Brief:
Please restate word for word the lines of the entries below from the one with "Les 28 et 29" to the one with "- Leiterrahmen: zwei", inclusive, and leave out every picture.

Dataset records:
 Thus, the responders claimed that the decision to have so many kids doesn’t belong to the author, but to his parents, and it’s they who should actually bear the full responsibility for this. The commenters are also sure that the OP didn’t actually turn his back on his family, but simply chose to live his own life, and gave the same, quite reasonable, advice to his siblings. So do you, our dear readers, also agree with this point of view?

...

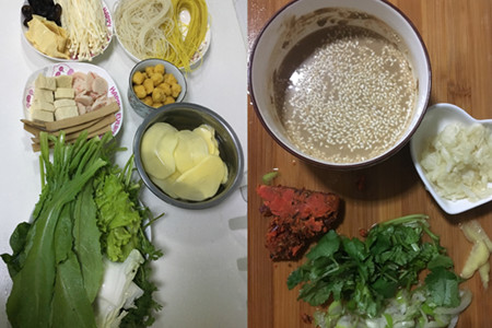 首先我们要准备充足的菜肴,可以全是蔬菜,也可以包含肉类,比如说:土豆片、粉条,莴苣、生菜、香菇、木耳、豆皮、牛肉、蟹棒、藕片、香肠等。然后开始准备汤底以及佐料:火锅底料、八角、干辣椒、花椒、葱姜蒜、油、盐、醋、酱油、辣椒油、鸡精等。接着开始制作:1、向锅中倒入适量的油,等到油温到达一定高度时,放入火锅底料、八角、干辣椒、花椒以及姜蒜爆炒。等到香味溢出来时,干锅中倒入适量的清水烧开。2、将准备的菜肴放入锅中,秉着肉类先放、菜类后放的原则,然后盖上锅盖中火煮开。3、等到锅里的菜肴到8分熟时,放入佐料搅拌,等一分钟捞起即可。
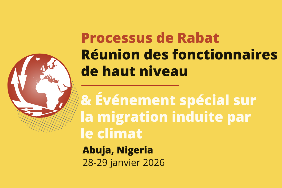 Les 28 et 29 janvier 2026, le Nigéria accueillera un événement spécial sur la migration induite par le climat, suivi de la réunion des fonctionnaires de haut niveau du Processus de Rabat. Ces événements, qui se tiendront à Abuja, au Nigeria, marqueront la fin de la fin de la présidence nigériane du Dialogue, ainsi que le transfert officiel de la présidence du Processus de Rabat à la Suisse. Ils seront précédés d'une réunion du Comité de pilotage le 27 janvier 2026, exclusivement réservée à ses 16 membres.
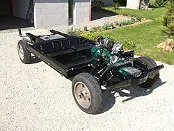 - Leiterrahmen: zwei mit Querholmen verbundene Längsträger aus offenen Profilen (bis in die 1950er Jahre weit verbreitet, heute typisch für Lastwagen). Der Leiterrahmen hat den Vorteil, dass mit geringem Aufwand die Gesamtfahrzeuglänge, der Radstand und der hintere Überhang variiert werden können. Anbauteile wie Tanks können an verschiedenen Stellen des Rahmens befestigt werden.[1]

Solution for this task:
 Les 28 et 29 janvier 2026, le Nigéria accueillera un événement spécial sur la migration induite par le climat, suivi de la réunion des fonctionnaires de haut niveau du Processus de Rabat. Ces événements, qui se tiendront à Abuja, au Nigeria, marqueront la fin de la fin de la présidence nigériane du Dialogue, ainsi que le transfert officiel de la présidence du Processus de Rabat à la Suisse. Ils seront précédés d'une réunion du Comité de pilotage le 27 janvier 2026, exclusivement réservée à ses 16 membres.
 - Leiterrahmen: zwei mit Querholmen verbundene Längsträger aus offenen Profilen (bis in die 1950er Jahre weit verbreitet, heute typisch für Lastwagen). Der Leiterrahmen hat den Vorteil, dass mit geringem Aufwand die Gesamtfahrzeuglänge, der Radstand und der hintere Überhang variiert werden können. Anbauteile wie Tanks können an verschiedenen Stellen des Rahmens befestigt werden.[1]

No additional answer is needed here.